> _EXERCISE AIM_
For the word "Utrecht", copy every line of the material that includes it.

> _EXERCISE MATERIAL_
--

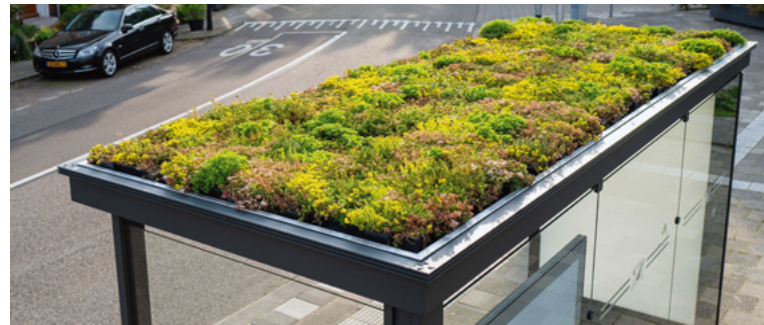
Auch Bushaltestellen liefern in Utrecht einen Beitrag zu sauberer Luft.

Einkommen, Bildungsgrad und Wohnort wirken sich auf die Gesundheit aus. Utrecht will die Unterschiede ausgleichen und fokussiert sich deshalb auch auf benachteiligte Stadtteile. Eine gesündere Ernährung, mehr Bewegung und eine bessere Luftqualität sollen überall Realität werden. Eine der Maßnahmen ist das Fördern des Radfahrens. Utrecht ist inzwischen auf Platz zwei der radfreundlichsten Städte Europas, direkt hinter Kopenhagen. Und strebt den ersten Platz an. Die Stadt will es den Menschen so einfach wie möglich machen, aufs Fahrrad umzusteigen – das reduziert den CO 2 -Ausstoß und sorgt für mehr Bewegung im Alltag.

--

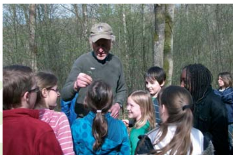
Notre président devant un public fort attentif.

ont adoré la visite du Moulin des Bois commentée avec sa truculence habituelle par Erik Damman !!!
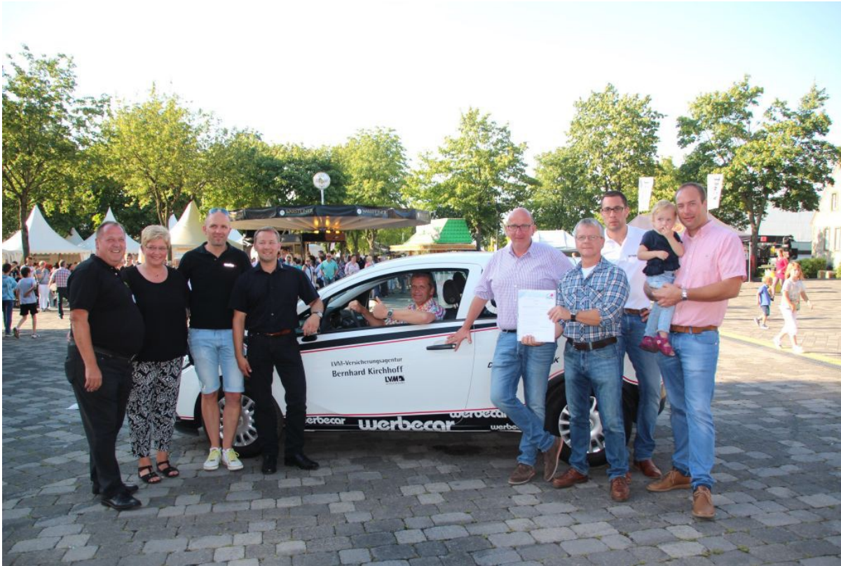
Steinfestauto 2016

--

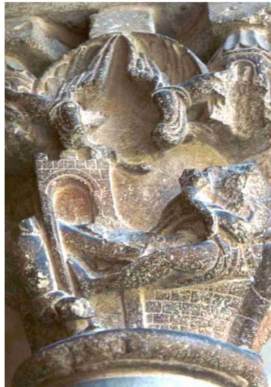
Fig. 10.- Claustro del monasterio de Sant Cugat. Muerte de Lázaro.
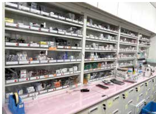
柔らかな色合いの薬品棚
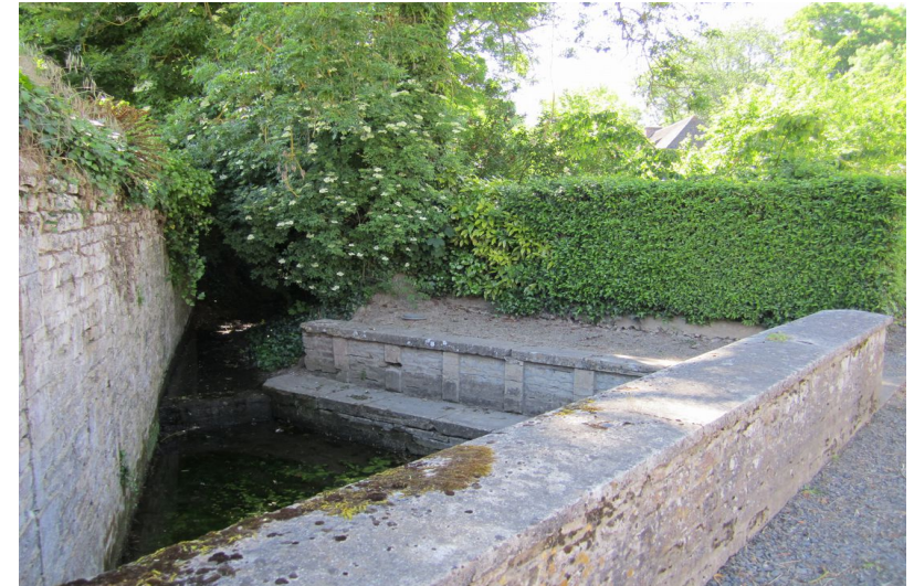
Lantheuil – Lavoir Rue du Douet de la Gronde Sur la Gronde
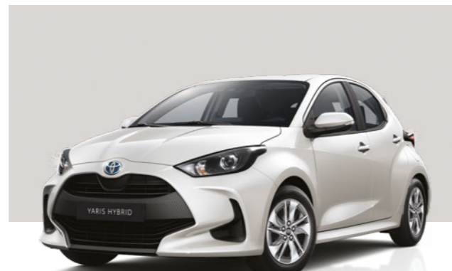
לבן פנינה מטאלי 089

--

> _RESULT OF THE TASK_
Auch Bushaltestellen liefern in Utrecht einen Beitrag zu sauberer Luft.
Einkommen, Bildungsgrad und Wohnort wirken sich auf die Gesundheit aus. Utrecht will die Unterschiede ausgleichen und fokussiert sich deshalb auch auf benachteiligte Stadtteile. Eine gesündere Ernährung, mehr Bewegung und eine bessere Luftqualität sollen überall Realität werden. Eine der Maßnahmen ist das Fördern des Radfahrens. Utrecht ist inzwischen auf Platz zwei der radfreundlichsten Städte Europas, direkt hinter Kopenhagen. Und strebt den ersten Platz an. Die Stadt will es den Menschen so einfach wie möglich machen, aufs Fahrrad umzusteigen – das reduziert den CO 2 -Ausstoß und sorgt für mehr Bewegung im Alltag.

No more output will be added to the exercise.